The motives here combine revenge for Japanese abuses – and, perhaps, a tacit sense of acting outside “the international laws of warfare” – with the argument that it was necessary to do so to save the lives of American soldiers. Again, it’s not clear how the laws of war would treat deliberately targeting civilians to save soldiers.
Truman later said that invading Japan would have killed half a million Americans and as many or more Japanese soldiers and civilians. Despite historians questioning those claims, not to mention wider questions about the laws of war, his argument has become America’s Hiroshima conventional wisdom – despite opposition by a number of top US commanders at the time to using nuclear weapons, because they believed Japan was beaten and that a ground invasion wouldn’t be necessary, but also because it might violate the laws of war.

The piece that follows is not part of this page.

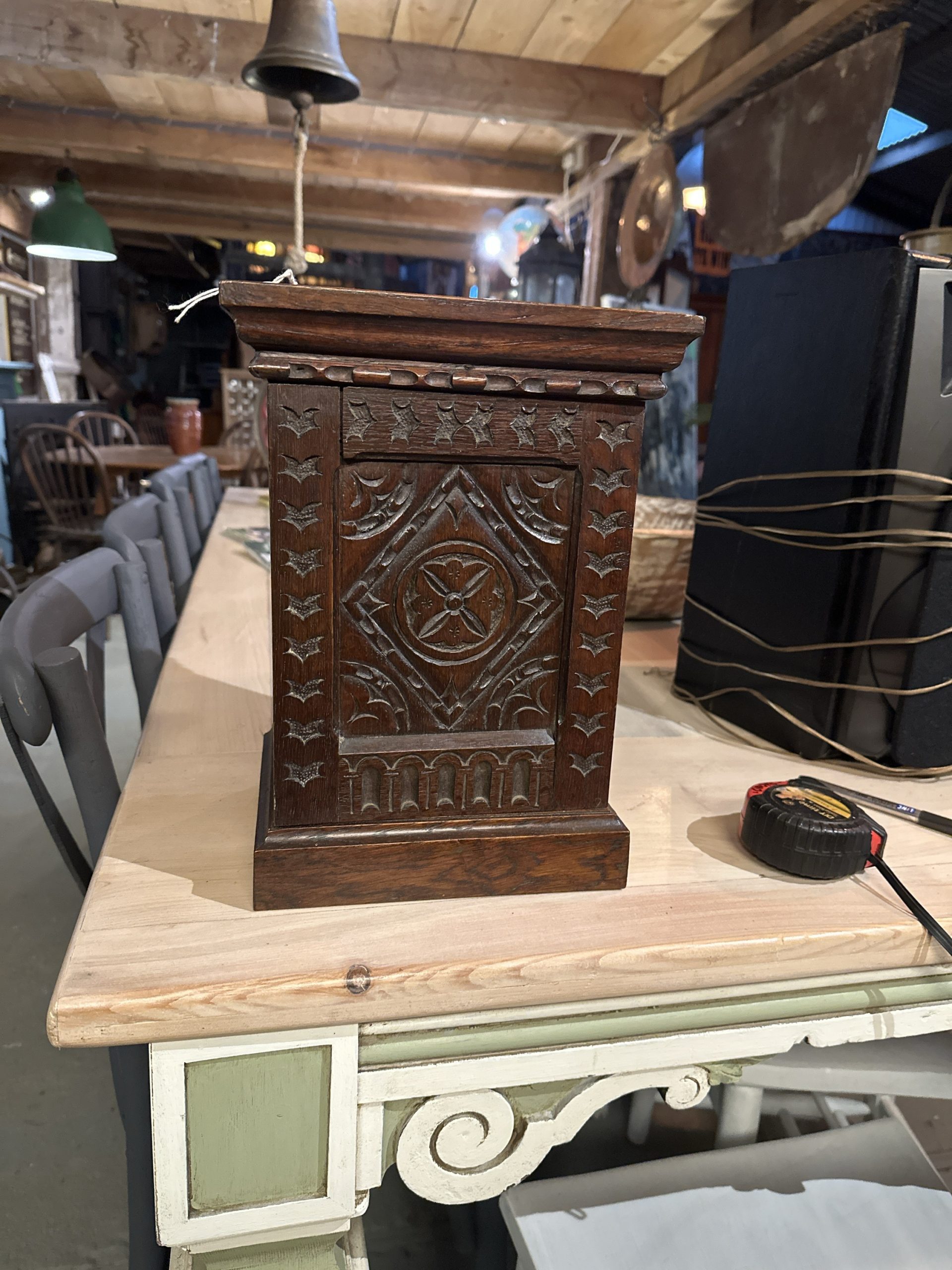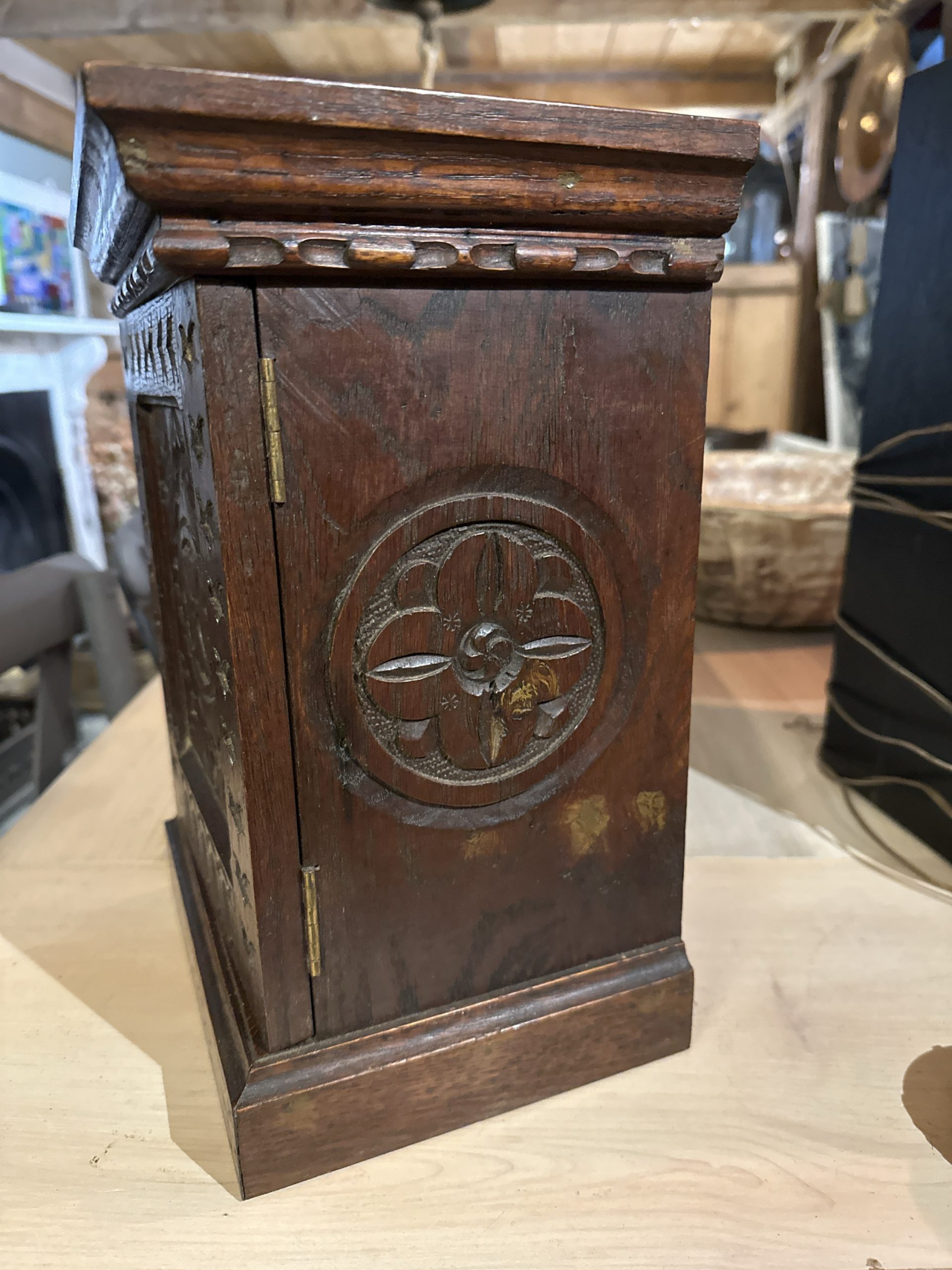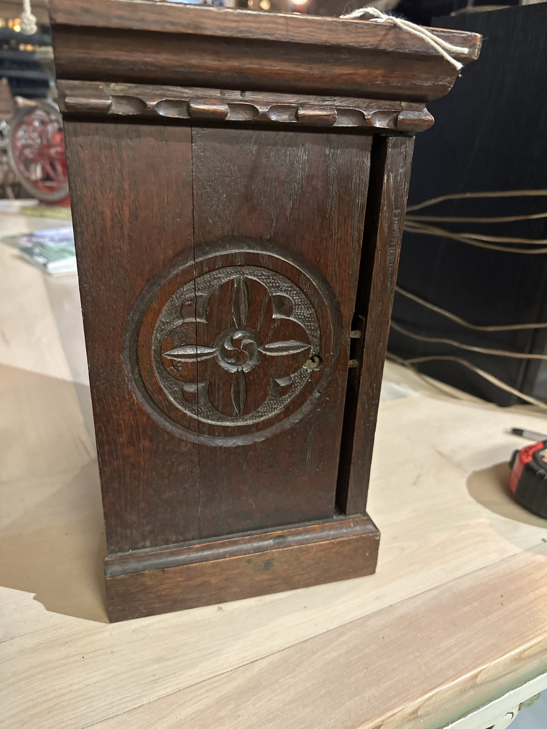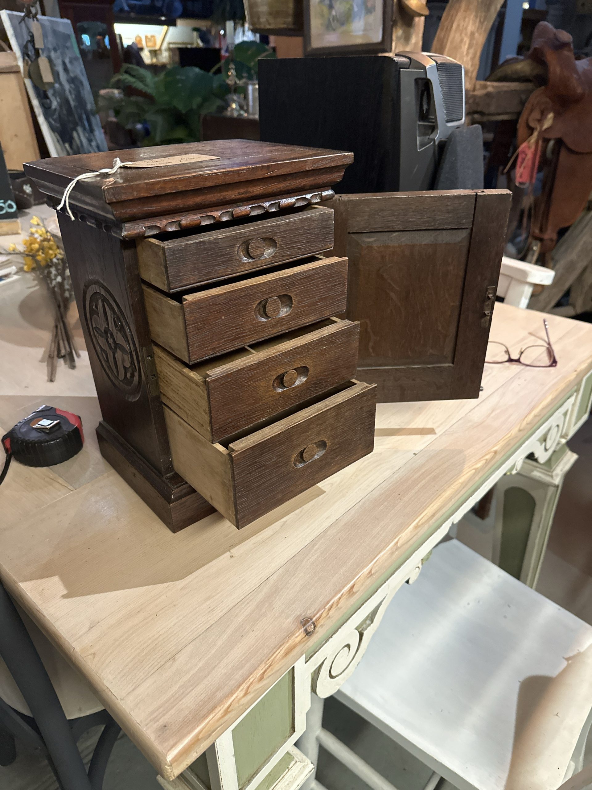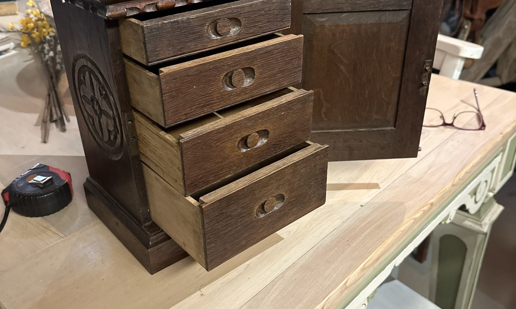 Carved sides and door with four mini drawers with carved knobs. Really unusual.

Truman invoked religious themes in describing America’s nuclear primacy: “We thank God that it has come to us, instead of to our enemies; and we pray that He may guide us to use it in His ways and for His purposes.”

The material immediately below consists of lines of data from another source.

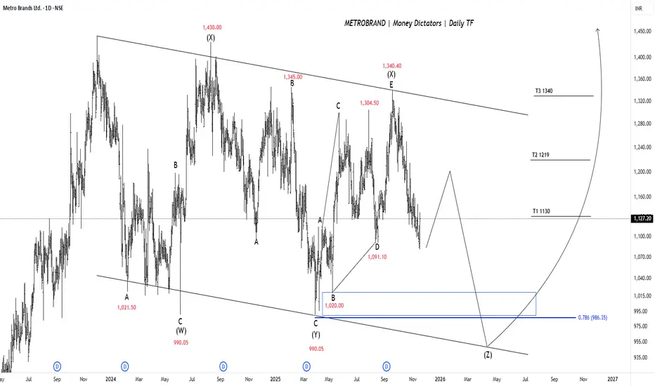 Metrobrand has been trading inside a broad downward-sloping channel for a long time, repeatedly getting rejected from the upper trendline. Each corrective structure appears as part of a complex W-X-Y-X-Z pattern, and currently, the price seems to be completing the final leg (Z). The earlier lows around 990 were tested twice, showing strong support, and now price is recovering from that zone. The recent rise indicates that sellers are losing strength and buyers are slowly stepping in again.
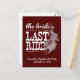 Yee haw!!! It's time to celebrate one last time before this cowgirl gets hitched! It's the bride's last ride before she settles down, also known as a bachelorette or hen party. Design features a cowgirl racing on her horse with distressed western and fat script text and stars. Perfect for a western or country themed eventShown in Aggie maroon. Also available in a combination of pinks, state flag blue and red, and burnt orange. Matching products available.
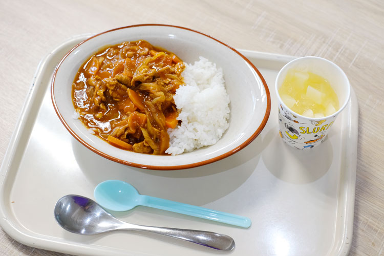 4月のこどもフェスタで販売されたハヤシライスと炭酸モモゼリー。「前回がカレーだったので、4月はハヤシライスに。炭酸モモゼリーも試作を重ねて完成しました。食材の寄付をいただき、それぞれ100円で提供できるようにしました」
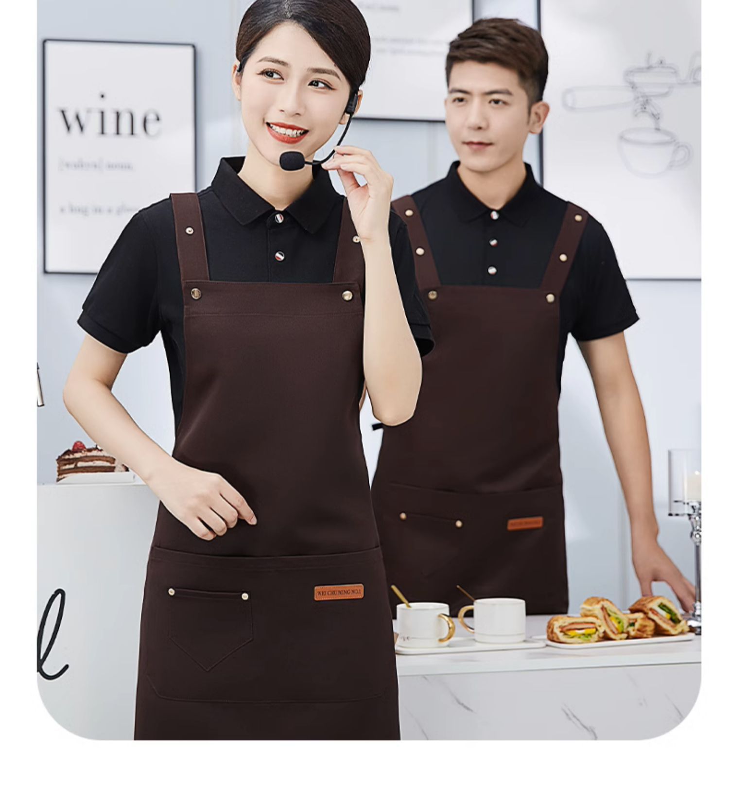 방수 광고 앞치마 케이터링 특별 로고 인쇄 커피 우유 차 가게 웨이터 슈퍼마켓 작업복 여성 맞춤
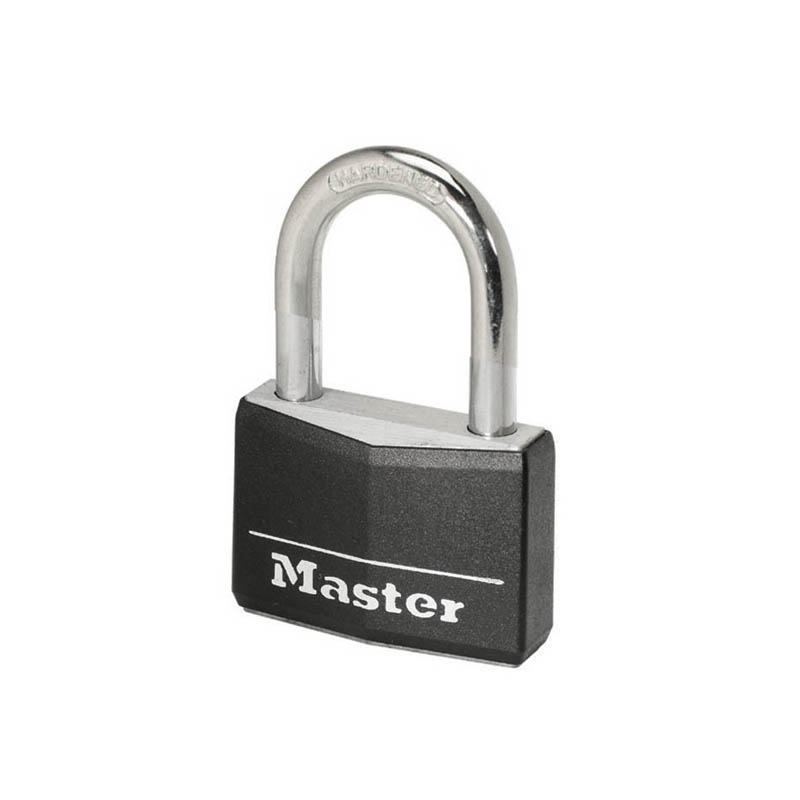 Το λουκέτο με κάλυμμα προστασίας και ασορτί κλειδιά της MASTERLOCK διαθέτει ένα καλυμμένο σώμα κλειδαριάς από συμπαγές αλουμίνιο πλάτους 30mm που αποτρέπει τις γρατσουνιές και αντιστέκεται στη διάβρωση. Ο λαιμός διαμέτρου 5mm έχει μήκος 18mm και είναι κατασκευασμένος από χάλυβα, προσφέροντας αντοχή στην κοπή και το πριόνισμα.

In the 71 years since Hiroshima, there has been too little public discussion in the US about the morality – and legality – of targeting civilians to force their rulers to end a conflict. When Washington’s Smithsonian Museum in 1995 sought to stage an exhibit that would have showed the effect of the bomb on the city of Hiroshima and its residents, Republican legislators led a successful campaign to shut down the “un-American” exhibit.
Nor was it only Republicans who objected: the US Senate unanimously passed a resolution condemning the Smithsonian plan, declaring that the bombing of Hiroshima had helped “bring the war to a merciful end”, thereby “saving the lives of Americans and Japanese”.
Still, Obama’s visit suggests time may be loosening the nationalist grip on the narrative. Last year, a Pew survey found that 56 per cent of Americans believe using nuclear weapons on Japanese cities was justified, while 79 per cent of Japanese respondents felt the opposite. But more significant, perhaps, one in three Americans now agreed with the Japanese majority, and less than half of Americans younger than 29 believe the decision was justified.
That’s encouraging because America’s national conversation about the use of nuclear weapons remains woefully inadequate. Consider, The Washington Post recently mocked Donald Trump for declining to answer its editors’ question on whether he’d be willing to use nuclear weapons against ISIL — apparently unconcerned by the insanity of suggesting nuclear weapons should be considered for use in Syria or Iraq. Hillary Clinton, likewise, rebuked Mr Obama on the campaign trail in 2008 for declaring that nuclear weapons were not an option against Al Qaeda in Pakistan.
Mr Obama is going to Hiroshima, in the words of his adviser Ben Rhodes, to “highlight his continued commitment to pursuing the peace and security of a world without nuclear weapons”.
A great symbolic gesture but it might have more credibility if Obama hadn’t last year committed to spending $348 billion [Dh1.3tn] to modernise the nuclear fleet. If nuclear weapons aren’t going anywhere, America urgently needs a more open and honest conversation about the circumstances under which it might consider using them again.